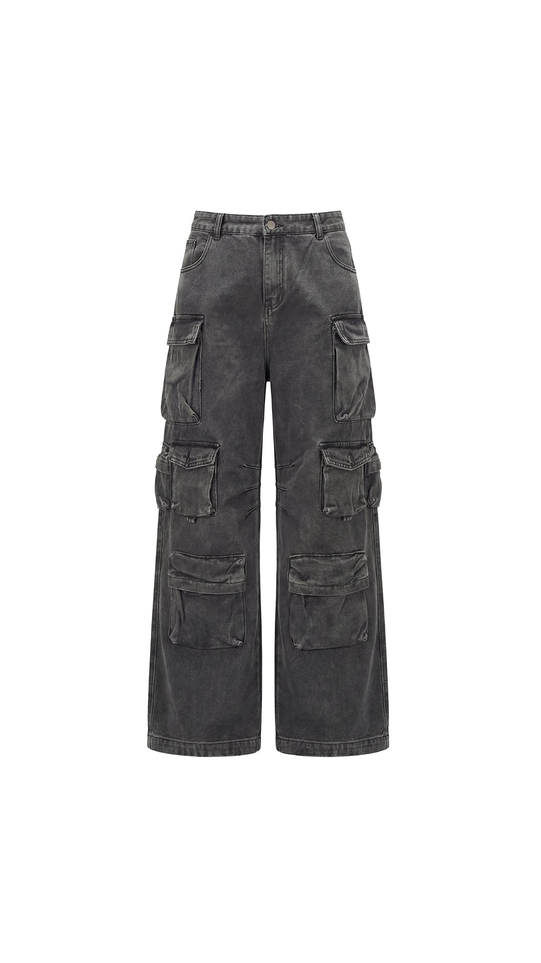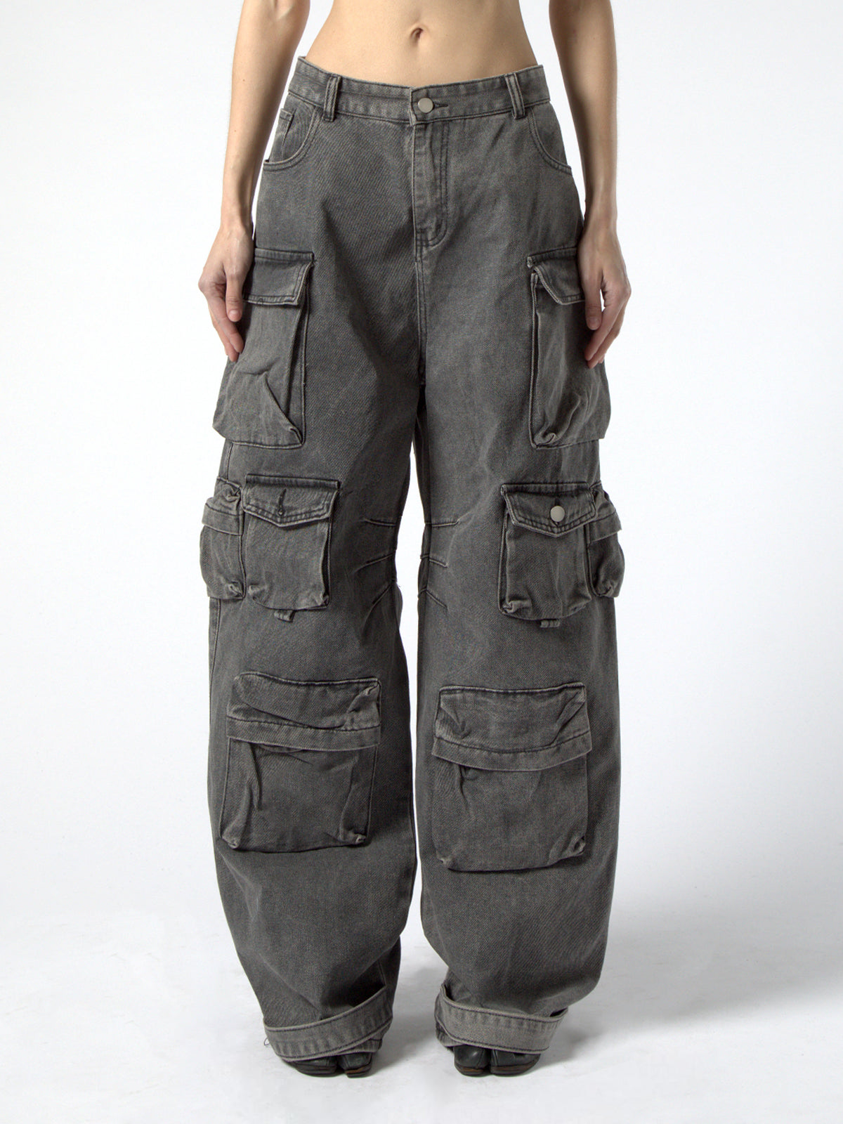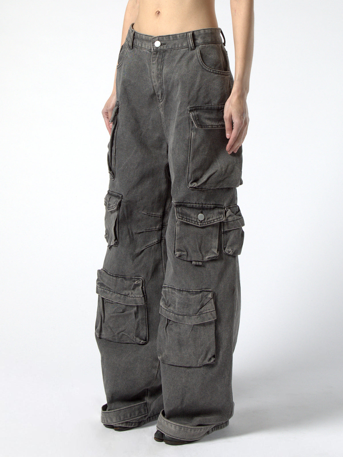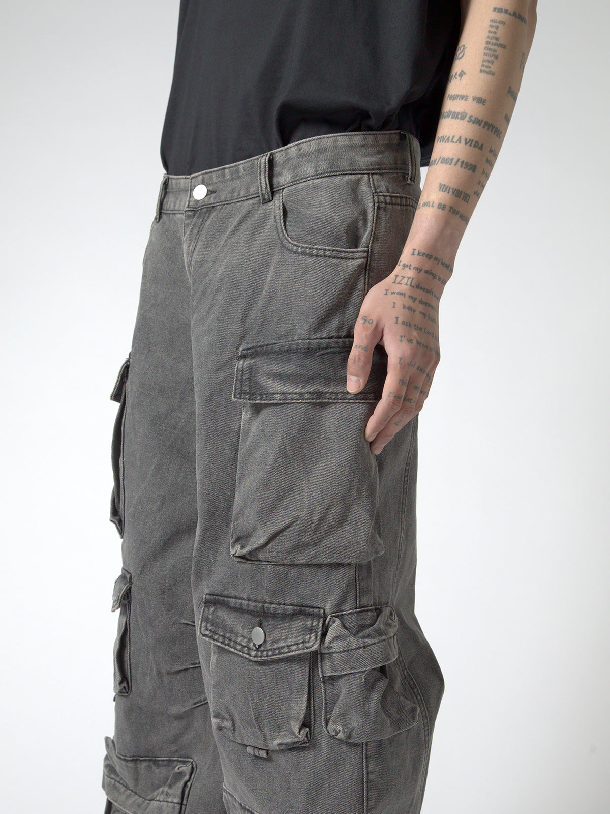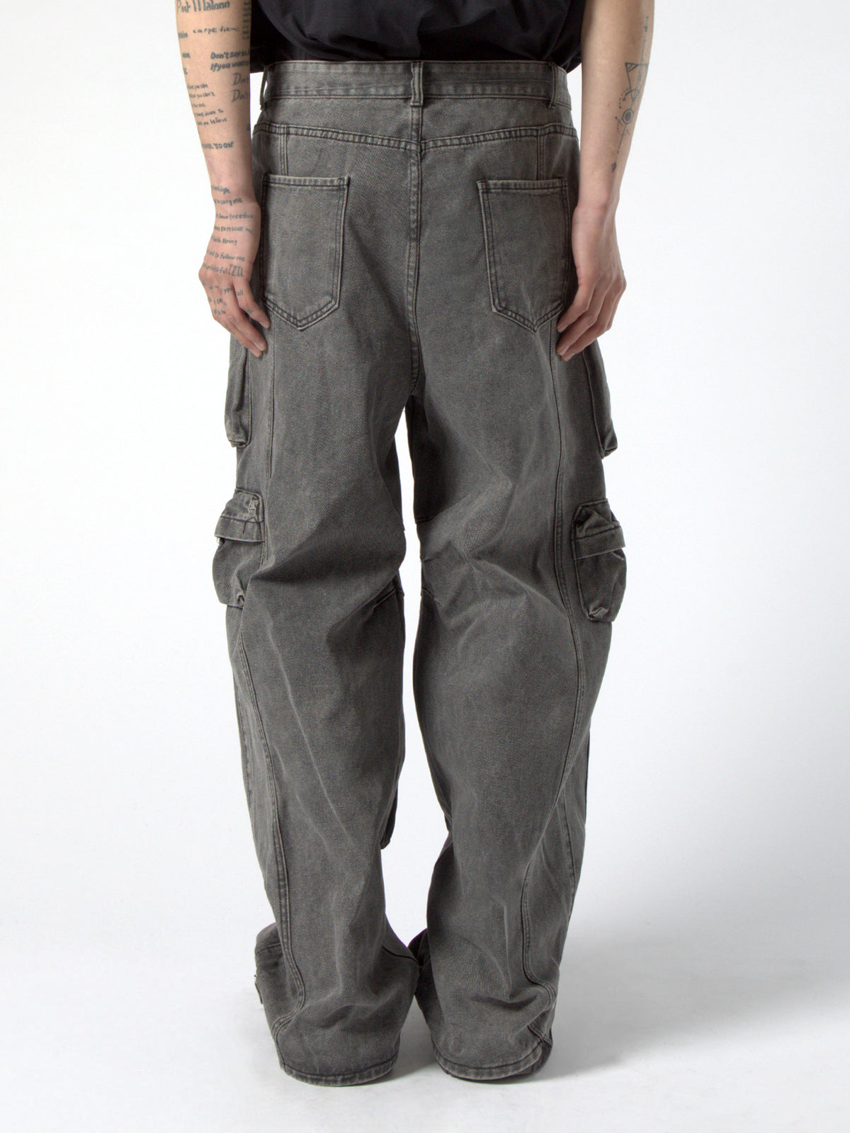 Cargo denim pants with multiple applied pockets and waxed dermatex treatment, enhancing
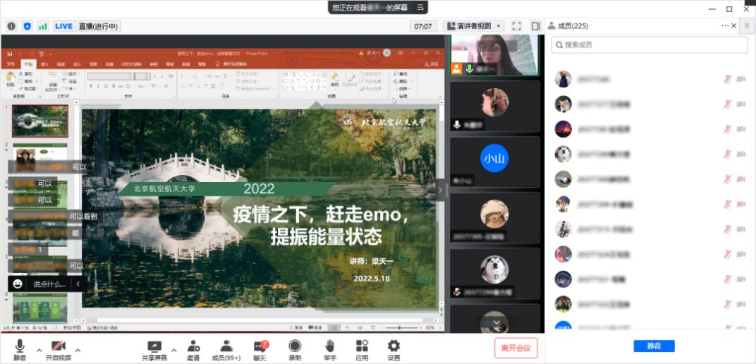 针对当前严峻的疫情形势和同学们的实际需求,5月19日下午,利来国际邀请国家二级心理咨询师、北航积极心理咨询中心兼职咨询师、利来国际专职心理咨询师梁天一老师组织了题为“疫情之下,赶走EMO,提振能量状态”的心理健康讲座,全校300余名同学参加。讲座由利来国际团委书记朱鹏宇主持。
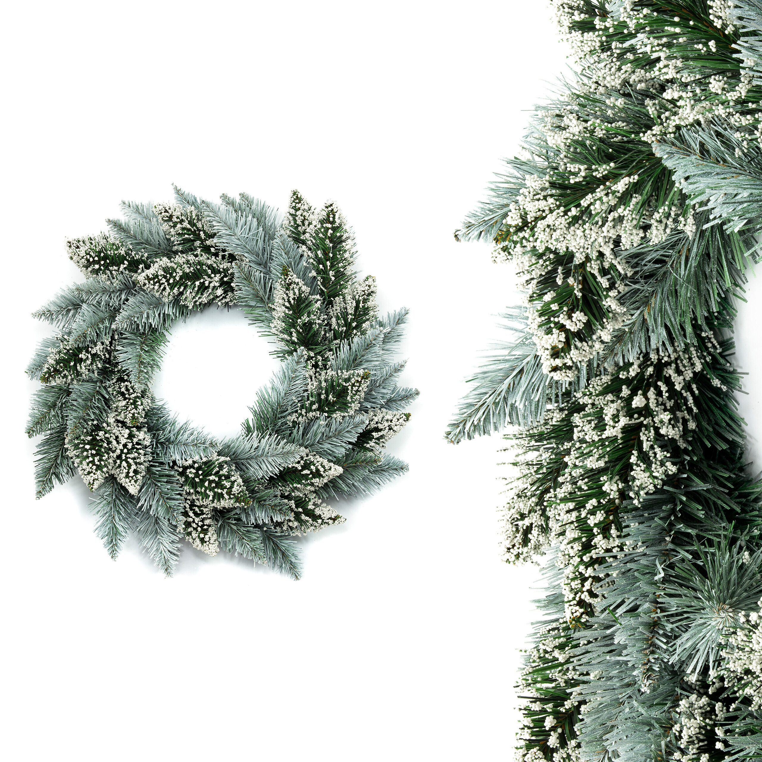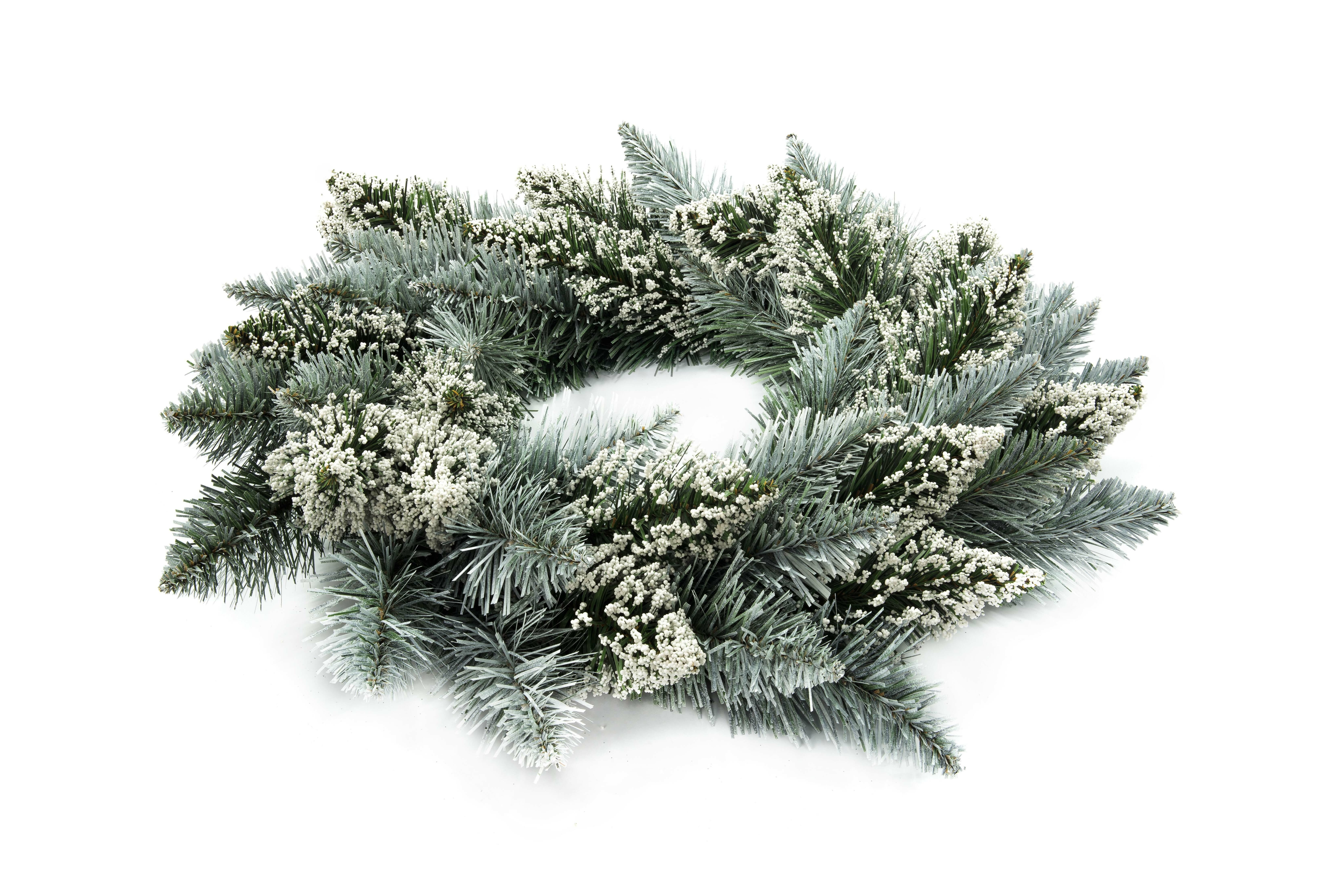Prekrasan božićni vijenac ukrašen sitnim ukrasima univerzalni je i stilski ukras za božićno vrijeme.

▶ Work required: Write the material out again exactly. Skip each picture.

▶ Written solution:
 Cargo denim pants with multiple applied pockets and waxed dermatex treatment, enhancing
 针对当前严峻的疫情形势和同学们的实际需求,5月19日下午,利来国际邀请国家二级心理咨询师、北航积极心理咨询中心兼职咨询师、利来国际专职心理咨询师梁天一老师组织了题为“疫情之下,赶走EMO,提振能量状态”的心理健康讲座,全校300余名同学参加。讲座由利来国际团委书记朱鹏宇主持。
Prekrasan božićni vijenac ukrašen sitnim ukrasima univerzalni je i stilski ukras za božićno vrijeme.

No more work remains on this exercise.